Angewandte Chemie International Edition, and Chemistry, a European journal, both offer a fairly detailed user manual, depending on the type of data to supply (NMR, infra-red, mass spectroscopy, catalysis, precise method used for energy conversion and storage, etc.)

By contrast, Polymers for advances technologies provides little information on the subject, simply indicating that an article may not contain more than 5 graphics, unless this is essential for the article to be understood, others can be placed in “supplementary information”. Where possible, data should be made public, but this is not an obligation.

Taylor and Francis

T&F policies for data communication range from optional to required. Just like Wiley, a “data availability statement” is requested from authors.
More extensive criteria exist for 6 Geoscience journals, where data deposits in suitable platforms are required. Like ACS, a partnership has been made with Figshare to host “supplementary information”.
Examination of chemistry journals policy terms shows two recurring features. On the one hand, the publisher urges researchers to provide a DOI for data sets associated with the article. On the other, it indicates that data is not reviewed by peers, implying that it is the author’s responsibility to ensure the reliability of data.

EDP Science

The policy of EDP Science, a publisher that stresses their commitment to open science, presents its data sharing policy in the context of research funding: “EDP Sciences journals encourage authors to share and publish their data if it is legally and ethically possible.”
Authors are encouraged to deposit their data in an on-line repository so it is “available for human and machine reading, in order to contribute to the acceleration of scientific discovery”. They are also invited to deposit their data according to FAIR data principles and to provide a data availability statement. These recommendations apply to the following journals Acta acustica, Astronomy and Astrophysics, Journal of Space Weather and Space Climate, are concerned by these recommendations.

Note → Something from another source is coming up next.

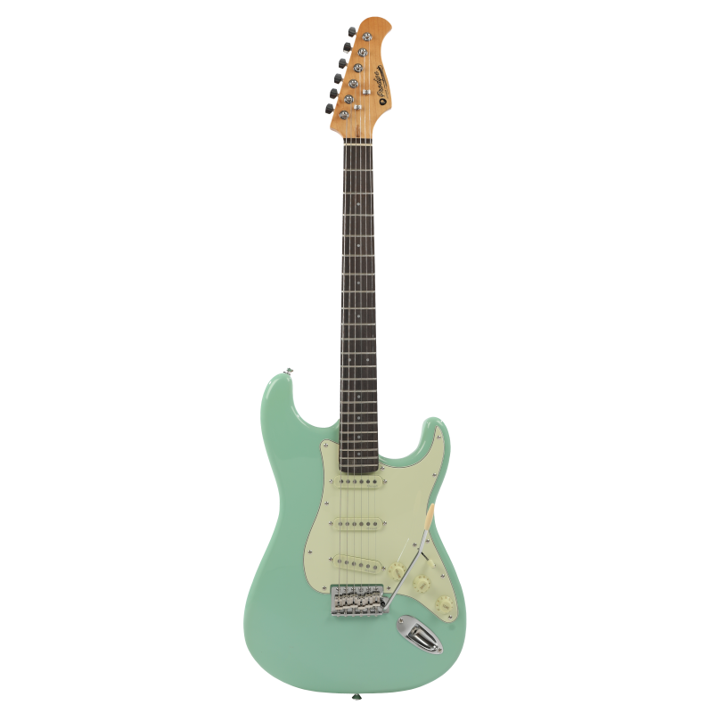 Avec un corps en tilleul de bonne densité, un manche en érable vernis vintage, une touche en érable pour plus de brillance et de claquant, et surtout... un radius 9,5 pouces identique à celui des plus grands modèles américains.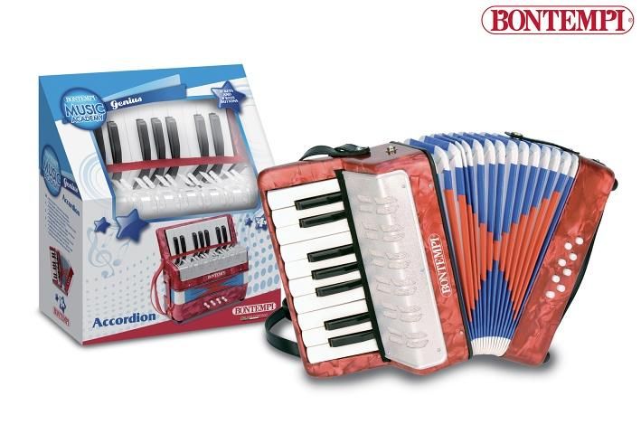 Akordeon se 17 klávesami (C-E) včetně ostrých a 8 basových tlačítek • Kvalita zvuku stejná jako skutečný akordeon • Včetně ramenního popruhu • Dim. 235x120x250 mm

Cambridge University Press

Concerned by the principles of transparency, the journal Journal of Fluid Mechanics published by Cambridge University Press, mentions its research data requirements in the research transparency section: “All information required for reproducing the study must be supplied, either in the body of the document, or in repositories accessible to the public”.

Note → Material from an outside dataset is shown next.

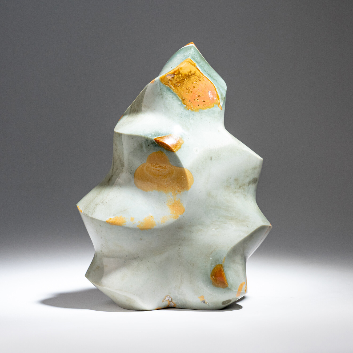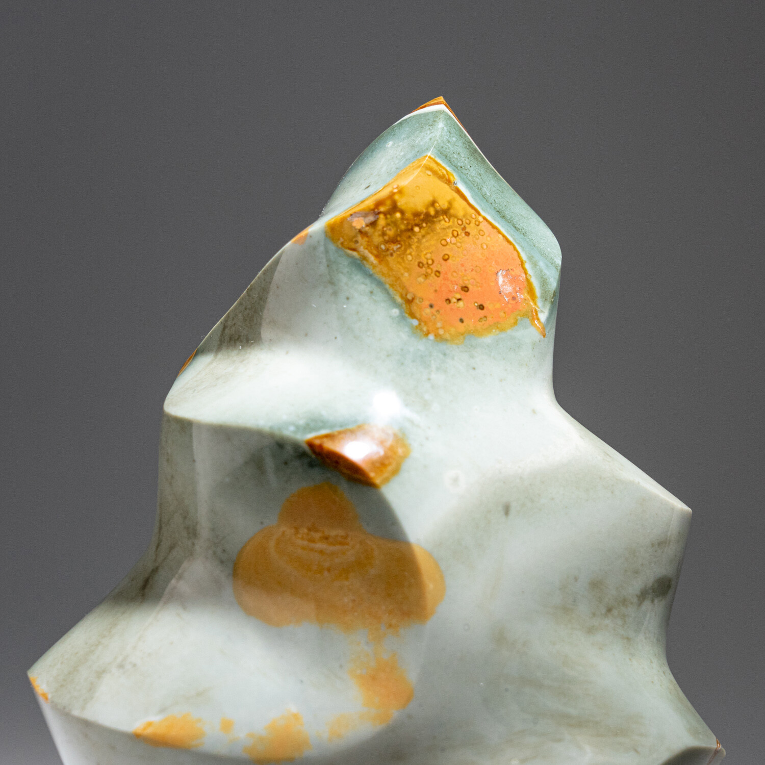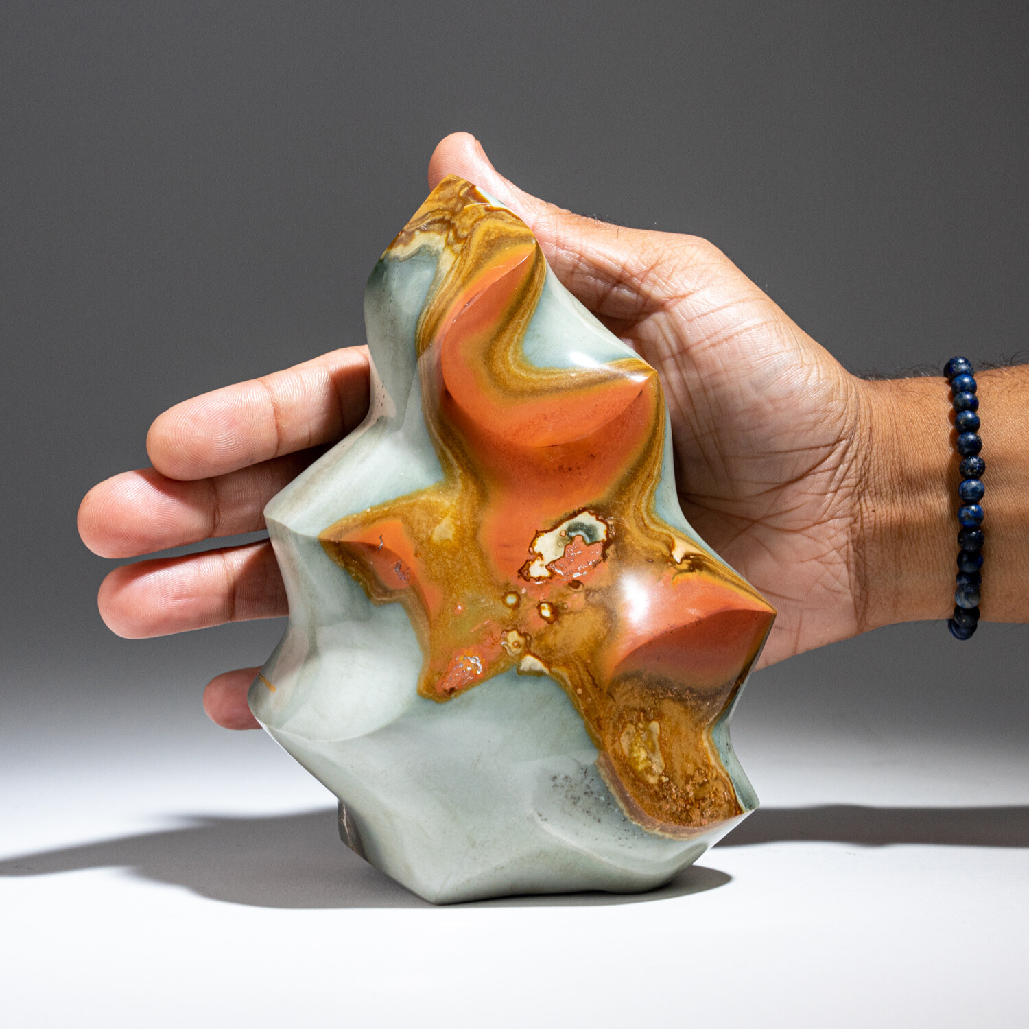 AAA-quality, solid Polychrome Jasper that is hand polished in a flame shape. This beautiful specimen has multi-colored veins of Chalcedony from Madagascar. Beautiful multi-colored rock that usually exhibits a circular, eye-shaped, or figurative pattern. The bright color and size makes this piece perfect as home decor.

A search engine for rating the transparency of journals for data

The Centre for Open Science publishes an analysis grid on the transparency and openness of journals. This guide distinguishes 10 topics (Citation Standards, Data Transparency, Analysis Code Transparency, Research Materials Transparency, Design and Analysis Transparency, Study Preregistration, Analysis Plan Preregistration, Replication, Registered Reports and Publication Bias, Open Science Badges) and three levels of compatibility. A search engine can be used to check the compatibility of a journal with these principles. It only takes two clicks to find that Nature Chemistry (Springer) scores 7 points, compared with only one point for Forensic Chemistry (Elsevier).

  1. Miyakawa, T. No raw data, no science: another possible source of the reproducibility crisis. Mol Brain 13, 24 (2020). https://doi.org/10.1186/s13041-020-0552-2
  2. According to the authors of the study, this is because “journals with a high impact factor are likely to receive more attention from researchers and the media”, increasing pressure to comply with theses measures.